Citizens United, Corporate Personhood and the Constitution
by David H. Gans, Director of the Human Rights, Civil Rights, and Citizenship Program, Constitutional Accountability Center. This piece is cross-posted at ACSblog, and opens an ACSblog debate on the constitutional rights of corporations between Mr. Gans and Michael S. Greve of the American Enterprise Institute. Mr. Greve’s post is scheduled to appear on ACSblog tomorrow.
Citizens United v. FEC raises fundamental questions about our Constitution, and our democracy. It is with good reason that the Court’s failure to decide the case to date has received more press than most actual Supreme Court decisions receive. Citizens United argues that corporations have the same constitutional rights as the American people do to spend money on elections, and that the government may not limit corporate spending on elections. If the Court agrees, our democracy will suffer for it. Obama’s 2008 fundraising records could easily have been dwarfed by a single mega-corporation willing to divert a tiny fraction of its profits to the election of its preferred candidate.
If the Justices decide the case based on the Constitution’s text and history, Citizens United’s sweeping claim would certainly be rejected. In CAC’s forthcoming report, “A Capitalist Joker”: Corporations, Corporate Personhood, and the Constitution” (released as a discussion draft in December and available here), we show that, from the very beginnings of our Nation, the constitutional protections available to living persons and corporations have been fundamentally different. While James Madison wrote the Bill of Rights to protect the “great rights of mankind,” corporations did not have any right to exist, let alone the same fundamental rights as “We the People.” From the founding on, as Chief Justice Marshall explained, corporations were “artificial being[s], invisible, intangible, and existing only in the contemplation of law” and “possess[ing] only those properties which the charter of creation confer. . . . ” To be sure, corporations received a host of special privileges that enabled them to succeed in business and some limited constitutional protection for their property rights, but these corporate attributes subjected them to greater government regulation, not less.
The distinctions between citizens and corporations are most pronounced when it comes to elections. The Constitution protects the rights of citizens to vote through constitutional amendments that no one could reasonably read to protect corporations, and prevention of improper corporate influence over the electoral process has been a pillar of our democracy as far back as 1833, when President Andrew Jackson castigated the Bank of the United States for its political spending on elections. In 1907, Congress enacted the Tillman Act and wrote into federal law a sharp distinction between the campaign finance laws applicable to living persons and those applicable to corporations, with the latter strictly regulated to prevent corruption of the electoral process. That sharp distinction has been there ever since, repeatedly reaffirmed by Congress and upheld by the courts.

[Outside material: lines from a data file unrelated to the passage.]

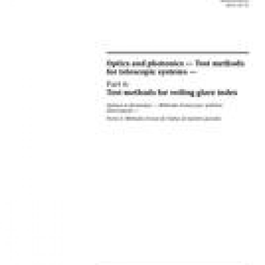 ISO 14490-6:2014 specifies the test methods for the determination of the veiling glare index of telescopic systems and observational telescopic instruments.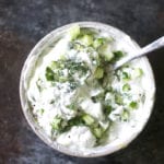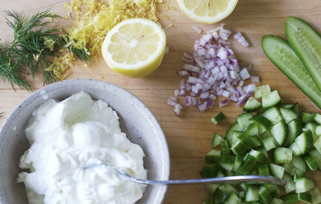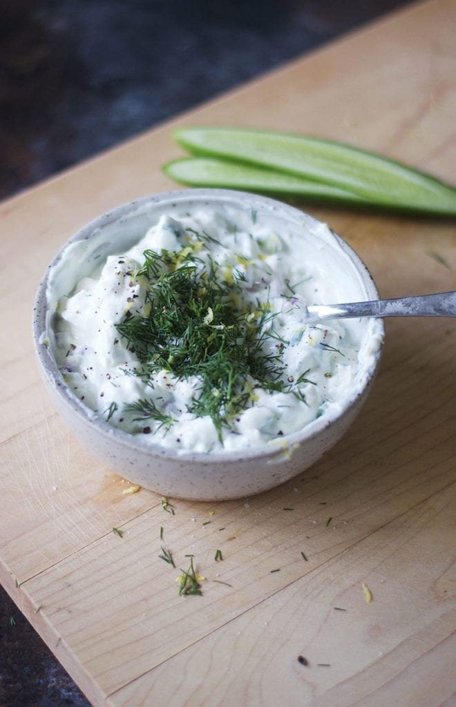 It is practically cucumber and tomato season! I cannot wait for all things tomato and cucumber. Get ready for an onslaught. If you saw that Greek grilled skirt steak from the other day, you were probably wondering what is that beautiful looking sauce on top of the steak? Well that, my friends, is my favorite summer sauce, tzatziki. Yeah, there are a million recipes for this all over the web. But this is the one I usually make. It is quick, light, easy, and by no means traditional.
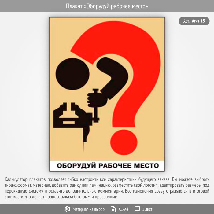 Плакат «Оборудуй рабочее место» (Агит-15, 1 лист) в Верее купить

For most of our Nation’s history, Supreme Court doctrine comported with our Constitution’s text and history. But beginning in 1886, the Supreme Court began to engineer a change. In Santa Clara v. Southern Pacific Railroad, the Court’s court reporter wrote into the opinion’s head-notes a statement made by the Chief Justice during oral argument that the Constitution protects corporations as persons. In the decades that followed, the Lochner-era Supreme Court relied on this fabricated precedent, giving corporations constitutional rights and demanding that corporations be treated equally with living persons. This disastrous departure from constitutional first principles proved to be short-lived. Beginning in 1937, virtually every aspect of the Lochner era’s protection of corporate constitutional rights was repudiated, with the Court ultimately declaring in 1973 that the idea of equal rights for corporations was “a relic of a bygone era.”
Today, much of the Supreme Court’s doctrine about corporations gets the Constitution’s text and history right. For the last thirty years, the Court has regularly affirmed that corporations do not have the same right to participate in the political process as individuals do, and that the integrity of our political system would suffer if corporations could take advantage of the special privileges they receive to succeed in the economic marketplace to help elect candidates willing to do their bidding. These cases, now on the chopping block in Citizens United, are hardly outliers. The Court’s Fourth Amendment doctrine has consistently recognized that corporations do not have the same Fourth Amendment rights as individuals do, reasoning that “[f]avors from government often carry with them an enhanced measure of regulation.” Since the early 20th Century, the Court has held that corporations are not protected under the Fifth Amendment’s Self-Incrimination Clause. Having accepted special privileges from the government, a corporation cannot invoke the Fifth Amendment to keep the government in the dark about criminal acts committed using those special privileges.
Text and history, and respect for precedent, together make for a powerful argument in Citizens United. They explain why corporations and living persons do not have the same First Amendment rights, why Congress may limit corporate spending on elections, and why, when the Court finally issues its long-awaited ruling, the Court should reaffirm its precedents upholding limits on corporate election spending.